Protein Extraction and Western Blot
After lentivirus transduction for 5 days, 95D and A549 cells were harvested and lysed in 2× SDS sample buffer (10 mmol/L EDTA, 100 mmol/L Tris-HCl [pH 6.8], 4% SDS, and 10% glycine). The concentration of total protein was determined by the bicinchoninic acid assay. Quantitative 30 µg proteins were separated by polyacrylamide–SDS electrophoresis for 3 hours at 60 V and then transferred to polyvinylidene fluoride (PVDF) membranes. The membranes were blocked with 5% nonfat milk in Tris-buffered saline with 0.05% Tween for 1 hour at room temperature and then blotted with primary antibodies, including anti-ICT1 (1:1000, #AP20382b; Abgent, San Diego, CA, USA), anti-p21 (1:1000, #2947; Cell signaling, Danvers, MA, USA), anti-cyclin D1 (1:1000, 60186-1-1g; Proteintech, Chicago, IL, USA), and anti–glyceraldehyde 3-phosphate dehydrogenase (1:500 000, 10494-1-AP; Proteintech, Chicago, IL, USA) overnight at 4°C, followed by incubation with horseradish peroxidase–conjugated goat antirabbit (1:5000, Santa Cruz, SC-2054, Dallas, TX, USA) for 1 hour at room temperature. The enhanced chemiluminescence kit (Amersham, GE Healthcare Bio-Sciences, Pittsburgh, PA, USA) was used to detect the blots, according to the manufacture’s instruction. Glyceraldehyde 3-phosphate dehydrogenase was used as the internal standard.
Annexin V/7-amino-actinomycin D (7-AAD) Double-Staining Analysis
To investigate the cell apoptosis, annexin V-APC/7-AAD double staining was performed. After lentivirus infection 5 days, the 95D and A549 cells from different groups (NC, shICT1[S1], and shICT1[S2]) were reseeded in 6-cm dishes at a density of 80 000 cells/dish. After 48 hours, the cells were collected and processed using annexin V-APC/7-AAD apoptosis kit (KeyGen Biotech, Nanjing, China), according to the manufacturer’s instructions. Subsequently, cells were analyzed using a Cell Quest FACS system (BD Biosciences, San Jose, CA, USA).
Statistical Analysis
All data were analyzed by SPSS software version 10.0 (SPSS, Inc, Chicago, IL, USA) and presented as mean (standard deviation) (SD) of 3 independent experiments. Paired Student t test was used to compare differences between groups.

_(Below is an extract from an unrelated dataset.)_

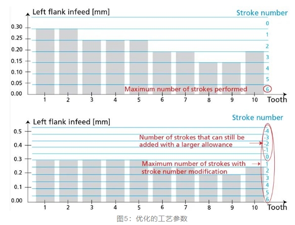 只要余量評(píng)估越可靠,就越可能得到最大的去除量,可使用不同沖程次數(shù)自動(dòng)確定每個(gè)齒槽磨削所需的走刀數(shù)。這避免了不必要的走刀,以及超出進(jìn)刀量限制的材料去除。因?yàn)閷?duì)于余量大的齒槽會(huì)自動(dòng)增加走刀次數(shù)。

Statistically significant differences were defined as P < .05.
Results
Immature Colon Carcinoma Transcript 1 mRNA Expression Was Overexpressed in LC
To investigate the expression levels of ICT1 in LC, we analyzed the Oncomine cancer microarray database. As shown in Figure 1A, Bhattacharjee Lung data set showed that ICT1 expression is significantly increased in lung adenocarcinoma (n = 139, P = 9.56E−4), small-cell lung carcinoma (n = 6, P = 2.90E−2), and squamous cell lung carcinoma (n = 21, P = 3.30E−2) compared with the normal tissues and was slightly upregulated in lung carcinoid tumor (n = 20). We also found that the expression level of ICT1 was also significantly higher in 3 LC types including large-cell lung carcinoma (n = 19, P = 7.41E−4), lung adenocarcinoma (n = 45, P = 2.04E−9), and squamous cell lung carcinoma (n = 27, P = 5.18E−9) than the normal tissues in Hou Lung data set (Figure 1B). Furthermore, ICT1 expression in lung adenocarcinoma tissues is remarkably upregulated as shown in 6 different microarray data sets including Beer Lung (n = 86, P = 8.81E−5), Landi Lung (n = 58, P = 2.92E−16), Okayama Lung (n = 226, P = 1.90E−8), Selamat Lung (n = 58, P = 7.84E−10), Stearman Lung (n = 20, P = 9.97E−5), and Su Lung (n = 27, P = 1.57E−4), comparing with normal lung tissues (Figure 1C–H). The above data suggested that ICT1 might play a potential carcinogenesis in LC.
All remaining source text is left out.